Singapore's Groundbreaking Carbon Pricing Scheme
Singapore Skyline (Wikimedia Commons)
In late February, Singapore became the first Southeast Asian country to introduce plans for a mandatory carbon pricing scheme. Its carbon tax, which will take effect in 2019, places a yet-to-be-determined cost for emitting the greenhouse gases (GHGs) that cause climate change. The tax will apply to power stations and emitters that produce over 25,000 tons of CO2-equivalent per year, a standard that will likely affect some 30-40 large companies in total.
Why has Singapore taken this step?
By pricing the previously free externality of GHGs, carbon taxes recognize that these emissions have a social cost that should be accounted for. In other words, polluters should pay for their pollution. The revenues generated by the tax can be used to defray other government costs or reduce other forms of taxation (and thus be "revenue-neutral") or be invested in clean energy systems that help societies transition away from carbon-intensive fuels.
But the primary purpose of carbon taxes is to incentivize industries to emit less.

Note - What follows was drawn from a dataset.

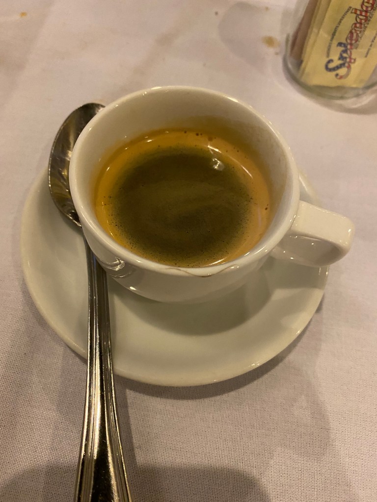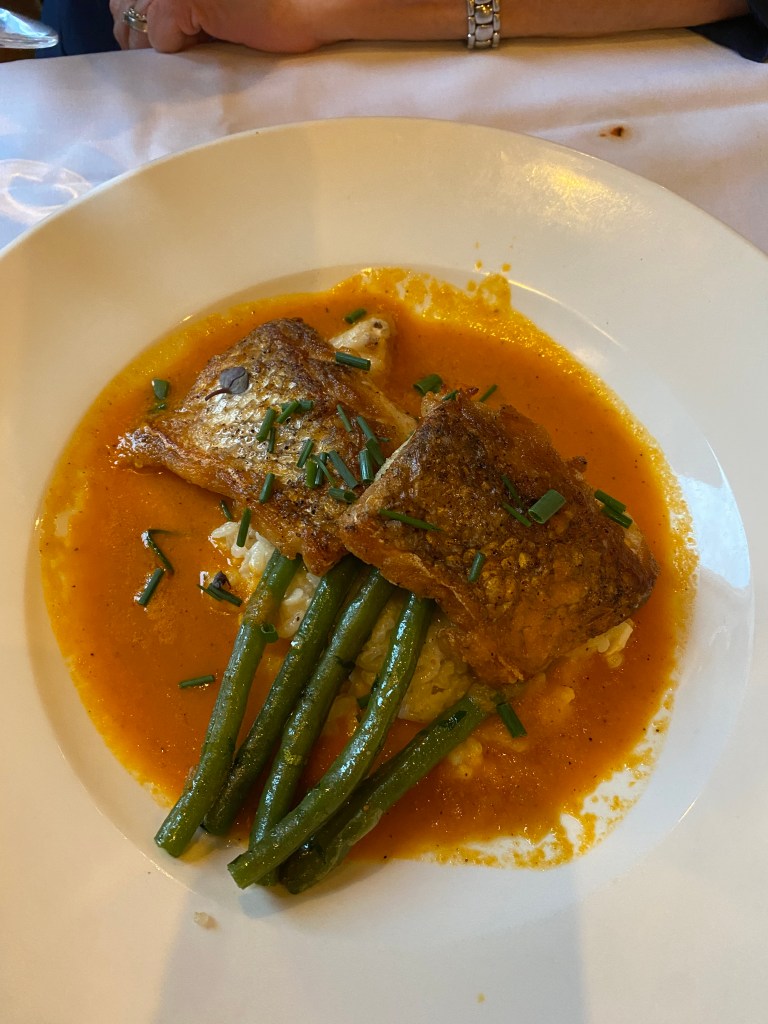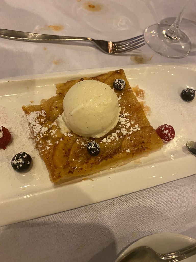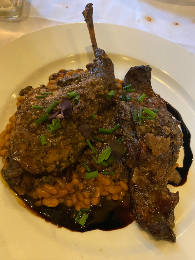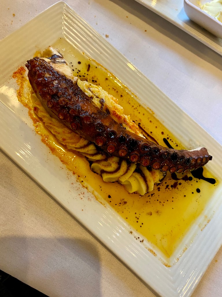 We started our meal with a very tender piece of Grilled Octopus which is traditionally served with potatoes. This chef served it over some of the creamiest mashed potatoes I’ve ever had. The presentation was quite attractive.As often occurs when we dine out, we start eating a dish before I have photographed it.The Artichokes with Serrano Ham were served with a slightly spicy sauce made with some kind of peppers and, I believe, tomatoes. We had a slight misunderstanding with our waiter who brought us out a different appetizer of crusty bread coated with garlic and covered with Serrano ham. When we told him we didn’t order that dish he apologized and told us to keep iton the house, a very gracious and hospitable gesture on his part.One of my favorite foods is Rabbit, when it’s well prepared. This Braised Rabbit with Lentils and Rabbit Jus was delicious, moist and tender. The Lentils andSauce were perfect complements.Barb really enjoyed her Tile Fish which was served with Crabmeat Risotto. I ate the risotto and she asked for aside of vegetables. They were pleased to accommodate her request.Something I truly enjoy, but seldom find is a Decaf Espresso. They had it and I enjoyed it.Once again, we didn’t wait for a photo before starting our Apple Tarte dessert. This Apple dessert was a perfect finish to a wonderful meal.

Costs give companies a bottom-line reason to scale-up low carbon sources in their energy mix and to use energy more efficiently. Tax systems do not dictate how these changes take place — they leave it to the companies to find solutions that work best for their own particular interest.
Taxing carbon emissions or creating markets for trading emissions credits call on the capacities of different players across entire sectors to find solutions that work for them. Governments set the regulation, and then largely get out of the way.

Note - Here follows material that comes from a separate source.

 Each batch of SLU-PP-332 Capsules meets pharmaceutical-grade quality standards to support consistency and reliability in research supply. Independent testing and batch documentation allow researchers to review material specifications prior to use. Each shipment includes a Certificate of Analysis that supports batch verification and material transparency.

These approaches are gaining steam. In April 2016, a high-level panel convened by the heads of the World Bank and the International Monetary Fund, Jim Kim and Christine Lagarde, announced the goals of expanding the amount of GHGs covered by carbon prices from roughly 12 percent currently to 25 percent in 2020 and 50 percent the following decade. China is moving this year from piloted sub-national carbon pricing schemes to a national system that covers a large portion of its economy. South Korea and Japan have existing pricing schemes and work is underway to help these countries cooperate on their carbon pricing policies. Elsewhere in Asia, a raft of countries are exploring carbon pricing options, and there are signals that these tools might spread more widely.
Singapore’s recent moves are therefore both a sign of the times and an important early step. Domestically, Singapore sees the carbon tax as a way to, in the words of Finance Minister Heng Swee Keat, “spur the creation of new opportunities in green growth industries such as clean energy.” The tax will do this through both the costs it places on burning fossil fuels and the revenue it generates.

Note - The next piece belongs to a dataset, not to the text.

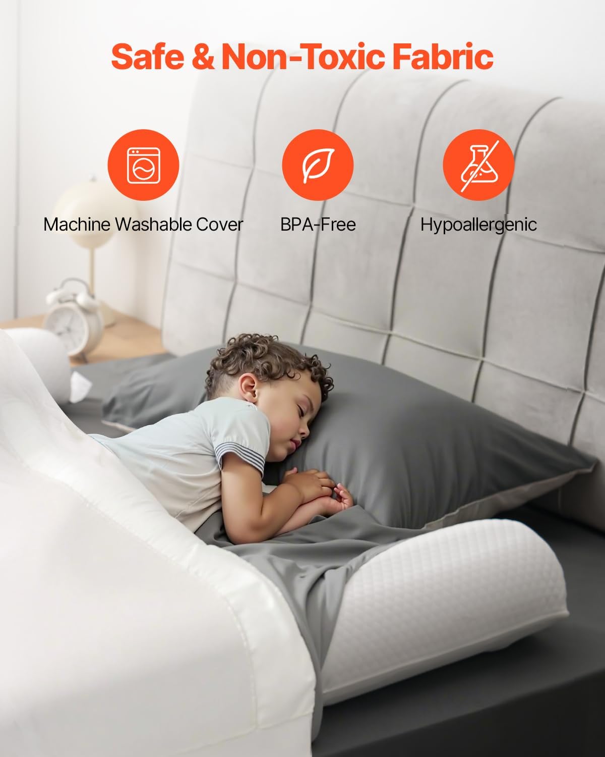 - Matériaux premium : housse douce, non toxique et lavable.

More broadly, however, the wider adoption of carbon pricing globally would make it more palatable for businesses operating across borders and for the management of different national interests. Singapore, like any country, is concerned with its competitiveness, and the carbon tax will place a cost on parts of its economy — such as its large oil refinery sector — not currently faced by its regional and global competitors. Shell, which runs one of Singapore’s refineries, supports carbon pricing overall but reacted to the tax by stating that it “must ensure companies can compete effectively with others in the region who are not subject to the same levels of carbon dioxide costs.”
Herein lies the rub: Efforts to set global carbon prices have yet to gain traction, and as countries adopt varied approaches across disparate timelines, winners and losers can result. This reality makes it more pressing that major economies across the world take steps to price emissions in carbon-intensive sectors. Where possible, these economies should cooperate to find ways to link these pricing schemes and coordinate their efforts. Considering that policies enacted by former President Barack Obama are facing major rollbacks in Republican-controlled Washington, such a commitment from the United States appears less likely.
Regional ties in Asia, therefore, would be a wise place to start.